Aintree pledges action after sold-out National tickets appear on resale sites
Aintree has promised to review its ticket sale systems after Grand National badges for several areas sold out within hours of going on sale, only for many to appear at inflated prices on ticket resale sites.
Tickets for the Randox Grand National festival went on sale to past customers on Tuesday morning, but by the same afternoon many tickets – including for most of the seated areas – were completely sold out. However, hundreds were available for purchase from controversial secondary ticketing firms such as Viagogo and Stubhub.
Sold-out tickets for the Princess Royal stand, which have a face value of £145, were on sale on Stubhub for £204.50 on Friday. Stubhub customers could buy up to eight at a time and a message stated all eight seats would be together.
On Viagogo, meanwhile, the same tickets were retailing for £178.20, with 52 tickets advertised for sale across the various parts of the Princess Royal stand. Viagogo alone claimed to have a total of 240 tickets available, largely in sold-out seating areas. Aintree confirmed the fully booked areas have a total capacity of 3,500.
While the website to purchase tickets was only flagged to past customers, it was publicly accessible, meaning anyone who was forwarded the link could purchase tickets, while a small number of tickets were also sold via a call centre without checks to ensure buyers were previous ticket-holders. Individuals were able to purchase dozens at a time.
The rapid sellout left many loyal customers disappointed. Tony Connell, who has attended the Grand National for 40 years, attempted to purchase tickets at 4pm on Tuesday but discovered five of the six seating areas were fully booked.
"I decided to conduct a little experiment and check with a number of ticket agencies," said Connell. "There I discovered plenty of badges for the sold-out areas already on sale at a large premium.
"Given the number of places available in the seats, I find it unbelievable that all seats have been sold to ordinary racegoers. Given the number of seats available on well-known ticket agencies, it is inconceivable that a vast number of private citizens have purchased the tickets and, simultaneously and immediately, discovered that they could no longer attend the day.

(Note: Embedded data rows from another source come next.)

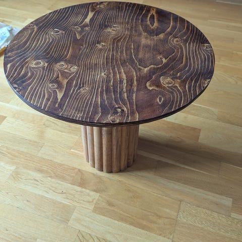 Ilva Almträ design bord. Nypris: 6000 kr. Använt i några år men har tagit hand om det och oljat de vartannat år som skyddat det.
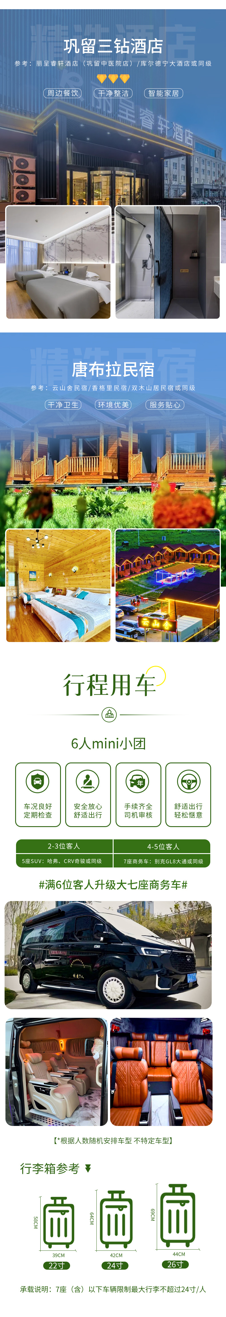 3、用车:2-3位客人用五座SUV,4-5位客人用七座商务车,6位客人升级大七座商务车(小团副驾驶及前后座位置需要轮流乘坐,望悉知);
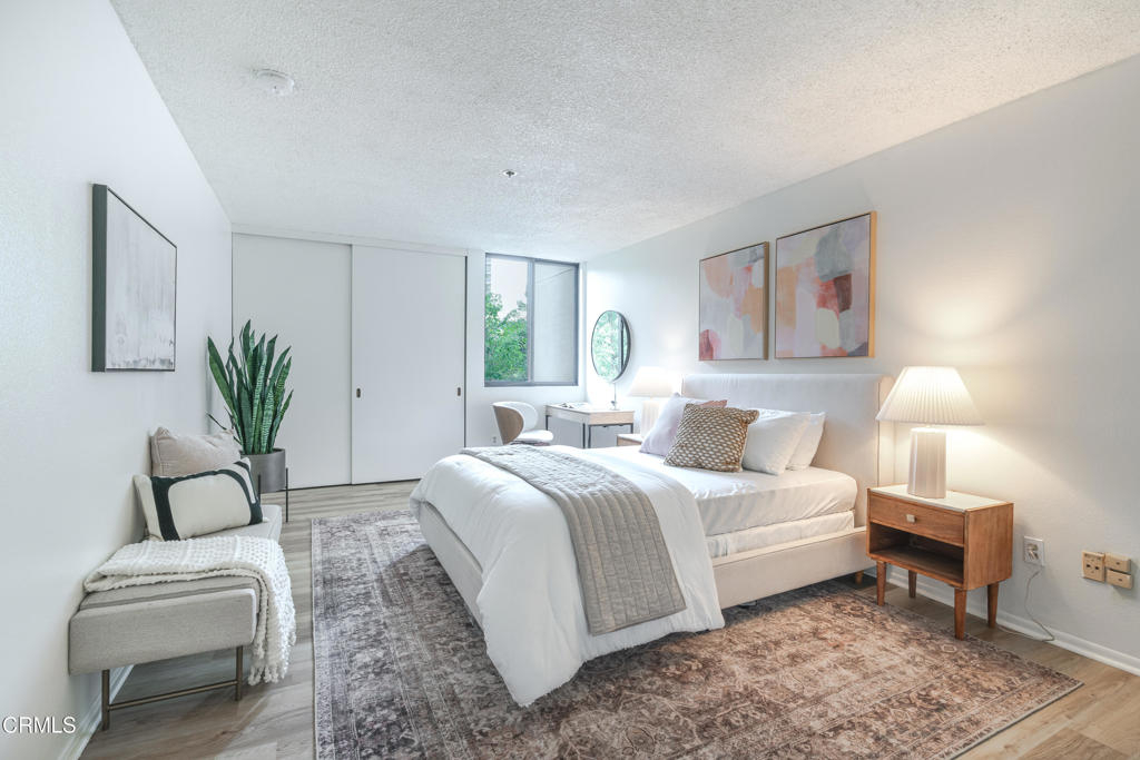 Welcome to Tokyo Villa! This spacious 2-bed, 2-bath condo is perfectly situated in the heart of downtown Los Angeles, steps from Little Tokyo, the vibrant Arts District, trendy shops, acclaimed restaurants, Dodger Stadium, and quick freeway access. Inside, the open-concept layout creates a natural flow for entertaining, with a designated dining area on one side and an oversized living room on the other. The living room features a wet bar and sliding glass doors that open to a private balcony, perfect for enjoying some fresh air. The kitchen offers ample cabinetry, stainless steel appliances, and a cozy breakfast nook for casual dining. The two bedrooms are thoughtfully positioned on opposite sides of the unit for privacy. The guest bedroom boasts dual closets and generous natural light, paired with a full hall bath that also includes a laundry closet. The primary suite features a spacious layout, ensuite bath with shower-over-tub, and extended counter space. Living at Tokyo Villa means enjoying resort-style amenities: a tranquil koi pond, indoor sauna, soothing jacuzzi, and secure underground parking with a designated two-car tandem parking spot. With its unbeatable location, great layout, and community perks, this condo offers the very best of LA city living. Don't miss the chance to make it yours!
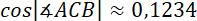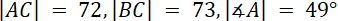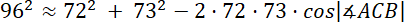 Narysuj rysunek pomocniczy. Oblicz długość boku AB korzystając z twierdzenia cosinusów. Następnie skorzystaj ponownie z tego twierdzenia i wyznacz miarę kąta ACB. Z własności sumy kątów w trójkącie wyznacz miarę ostatniego kąta tego trójkąta.
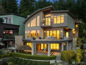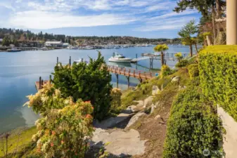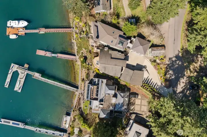This stunning NW Contemporary waterfront retreat, perfectly positioned along the coveted shores of Gig Harbor Bay. Blending timeless design with effortless luxury, this exceptional 4-bedroom residence offers 50ft of low-bank waterfront & an unparalleled connection to the vibrant maritime lifestyle just beyond your patio. Boating enthusiasts will appreciate not one, but two docks—a 44ft shared dock & a 34ft private dock—ideal for accommodating your yacht, sailboat, or weekend watercraft. Here, the harbor truly becomes an extension of your home, where morning coffee pairs with gentle waves & evenings are framed by glowing sunsets over the water. Inside, walls of windows capture sweeping 180-degree harbor views, filling every space w/ natural light & a sense of serenity. The main-level primary suite is a private sanctuary, featuring breathtaking views, a walk-in closet, and a beautifully remodeled bath complete with radiant heated floors, an elegant shower, & a freestanding soaking tub. Designed for both comfort and entertaining, the home continues to impress on the lower level with a generous family room anchored by a cozy gas fireplace, as well as a temperature-controlled wine room—perfect for collectors and don't miss the over sized garage. A stylishly updated ¾ bath adds convenience and flexibility for guests. This is more than a home—it’s a lifestyle. Experience the charm & beauty of waterfront living in the PNW. Selling fully furnished.
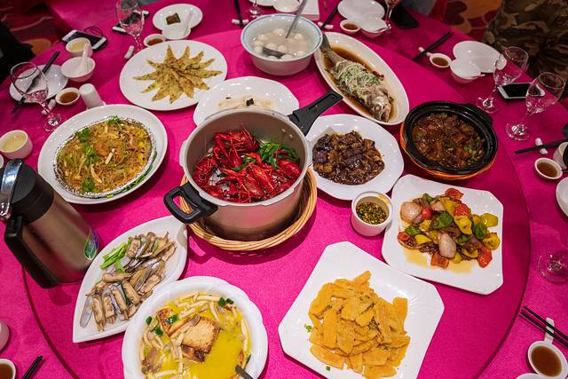 我们是在月湖边上的石浦海味饭店就餐的,自然要点一下人家的拿手菜了,汽锅小龙虾就是他家的特色菜,自打“蚝”汽冲天这道菜出来以后,就很经常能在饭桌上见到高压锅,这会吃的就不是生蚝而是小龙虾了。

"It seems clear to any reasonable person that a large number of these tickets have been purchased by persons who have no intention of attending but who simply wish to take advantage of the position and make a profit."
Aintree managing director John Baker said fast ticket sales demonstrated the popularity of the Grand National meeting but conceded he was disappointed regular racegoers had seemingly lost out to those whose intention was to immediately resell tickets for profit.
"From my perspective it's very disappointing and frustrating this is happening as the idea of the pre-sale is to look after regulars," he said.
"There are clearly a couple of flaws in the system that this has exposed which we'll need to address for the future.
"The link on the email can be forwarded. There is a reason why that is permitted. What you can find with people in a group is they take turns to book each year, but that can possibly mean some people could send it on to people who haven't booked before."
Baker defended the practice of allowing individual buyers to purchase large numbers of tickets in one go.
He said: "I'd find it hard not to offer groups who have come with us before to get the seats they want and have had before, but we'll look at this and see whether action needs to be taken."
Baker added: "The Grand National is the people's race – we don't want it to be corporate, we don't want it to be for touts and we don't want the man on the street to be penalised in this way."
Grand National tickets go on general sale this Tuesday. The following seated areas are sold out: Early of Derby (lower and upper), Lord Sefton (lower and upper), Queen Mother, Princess Royal and Platinum Lounge.